Услышав плач, я широко распахиваю глаза и быстро моргаю в темноте, пытаясь осознать, что происходит. Всякий раз, когда я просыпаюсь, мне требуется несколько мгновений, чтобы вспомнить все мельчайшие подробности моей жизни и собрать себя воедино. Иногда эта вынужденная необходимость кажется мне невыносимой.
Что это за звук?
Я прикрываю глаза рукой и сосредотачиваюсь, пытаясь определить шум, который раздается в темноте.
Кто-то плачет.
Это Фрейя.
Этого не может быть: вопль звучит высоко и пронзительно, как у новорожденного. Но звук мне знаком. Как будто я слышала его в прошлом.
Сажусь, и от резкого движения у меня кружится голова, но стоит мне вновь прикрыть глаза, как звук становится громче.
Там плачет ребенок. И это плачет она.
Фрейя.
Я мотаю головой из стороны в сторону, пытаясь прогнать шум из головы, все быстрее и быстрее, но по мере того, как я это делаю, черная бесконечность за моими глазами взрывается вспышками света и цвета.
Стоп.
Тишина. Плач прекратился.
Возможно, это из-за таблетки. По утрам мне всегда хуже всего: в первые минуты после пробуждения последствия приема таблеток нависают надо мной, как туман.
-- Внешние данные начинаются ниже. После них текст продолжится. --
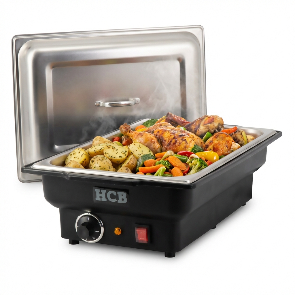 Im Gastgewerbe geht es vor allem um Präsentation und Qualität. Mit diesem elektrischen Chafing Dish können Sie Gerichte stundenlang auf der perfekten Temperatur halten, ohne sich ständig um sie kümmern zu müssen. Ob für aufwendige Buffets, Catering-Events oder à la carte – diese Warmhalteplatte sorgt dafür, dass jeder Bissen so köstlich ist, als käme er gerade aus der Küche. Mit der einstellbaren Temperaturregelung haben Sie die volle Kontrolle, so dass Ihre Gerichte nie zu heiß oder zu kalt serviert werden.
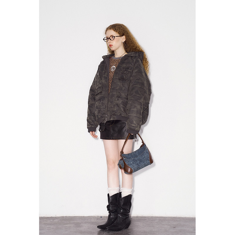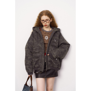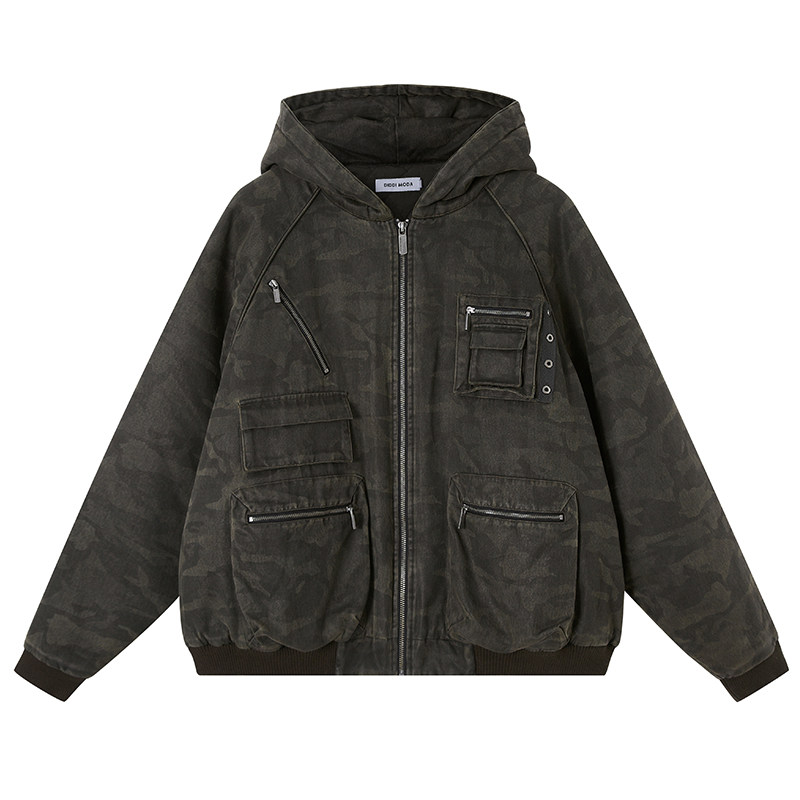 DIDDIMODA重工洗水迷彩口袋连帽外套复古挺阔棉上衣 清仓特惠

Мне не следовало ничего принимать. Только не сейчас, когда Фрейя здесь.
Я тянусь за своим телефоном и нажимаю кнопку. Экран освещает погруженную в тишину комнату, и видно время: 7:35 утра.
Может, Фрейя проснулась. Нужно проверить – она наверняка побоялась выйти из спальни и искать меня в темноте.
Спускаю ноги с кровати, но пошатываюсь, когда встаю. Опираясь на комод, я выпрямляюсь и снова встряхиваю головой, как будто это прогонит сонливость.
Темноту лестничной площадки рассеивает лишь слабый свет наступающего утра, который падает на лестницу через большое окно, выходящее на подъездную дорожку. Прищурившись, я смотрю в сторону детской спальни.
Дверь нараспашку.
Я определенно закрывала ее минувшим вечером… Может, она со скрипом открылась сама по себе. Или, возможно, Фрейя вставала, чтобы сходить в туалет, и не закрыла за собой дверь, – в конце концов, она уже не младенец.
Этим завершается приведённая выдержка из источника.